Lisa reads: The Chess Machine by Robert Lohr
In the late 18th century, a fabulous new scientific oddity was the toast of Europe. The Turk, a chess-playing automaton built by Wolfgang von Kempelen, was defeating chess masters across Europe. It was a true marvel of the times — a machine, built after the fashion of a Turkish ruler, that was capable of thought. Built for the amusement of Empress Maria Theresa of Hungary, it played chess, the game of kings, against rulers and commoners alike. In 1808, it played its most famous foe, Napoleon Bonaparte. The Turk was eventually retired, sold, and was destroyed in a fire at Peale’s Chinese Museum in Philadelphia in 1854. But what was the secret behind this machine that dazzled royalty and astounded the court machinicians? Robert Lohr devises a tale for The Turk full of intrigue and heartbreak in his novel, The Chess Machine.
Obviously, The Turk was a fraud. When von Kempelen decided to build his marvel (after a promise to Empress Maria Theresa to astound her), he had to find a way to direct the actions of the automaton. In his 1789 book, Overview and illustration of Mr Kempelen’s chess playing machine, Joseph Racknitz claims to have worked out the secrets, and there is plenty of material online to illustrate how a man could have stowed away in the Turk’s machinery and operated the chess-player’s arm.
But what sort of man would agree to part of such an elaborate farce? In Lohr’s novel, that man is a desperate dwarf, Tibor Scardanelli, who is at first hired — and later blackmailed — by von Kempelen, to provide the chess-playing genius, the ghost in his machine.
It’s a story full of court intrigue and human heartbreak. Tibor, the dwarf, was driven away from his family at just 14 years of age. He spends a number of years at a monastary, where he learns to play chess and exhibits a particular genius for it. After being made a scapegoat and driven away from the monastary, he makes a living as he can, often playing chess for small stakes in taverns and inns. As he is devising his machine, von Kempelen recalls seeing the dwarf play and seeks him out to offer him a very special commission.

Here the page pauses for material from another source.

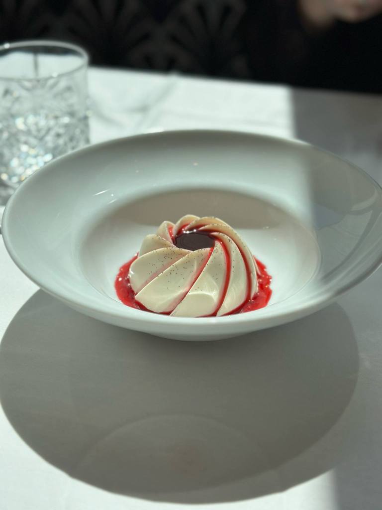 Pour terminer sur une note sucrée en toute légèreté, quoi de mieux que la pavlova à la vanille et son coulis de fruits rouges, une merveille visuelle et gustative.
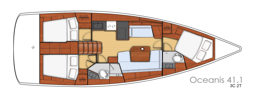 Diese Yacht Oceanis 41.1 (Segelboot - Baujahr 2019) liegt in der Sicily, Portorosa, Sizilien, Italien. Sie verfügt über 3 Kabinen, bietet Ihnen Platz für 6 + 2 Personen und hat 2 WC.

Imperial courts are full of gossip and back-stabbing. Wolfgang von Kempelen’s fame comes at the expense of the Court Mechanician, Friedrich Knaus. Knaus will do anything to expose the fraud, including sending a lovely young courtesean to seduce von Kempelen or his assistant by posing as a housemaid. When a noblewoman (formerly von Kempelen’s mistress) dies under suspicious circumstances, many people whisper that it is The Turk who committed the crime.
Tibor, for all his faults, is at heart a very good man. He feels tremendous guilt for his past sins and for The Turk’s involvement in the noblewoman’s death. von Kempelen uses that guilt to blackmail and threaten Tibor, forcing him to spend most of his waking hours locked inside a small chamber inside the automaton. He is unable to leave von Kempelen’s house, for fear that someone will see him and connect him to von Kempelen. His only friends are Jakob, von Kempelen’s assistant, and Elise, the maid/courtesean. He is forced into a power play that cannot end happily for anyone involved.
Of course, there is no way to know if the first “brain” inside The Turk was a dwarf, but the story is compelling and full of wonderful historical detail. When I read historical fiction, I want to be swept up in the story and completely forget that I am actually getting a history lesson. This book succeeded admirably.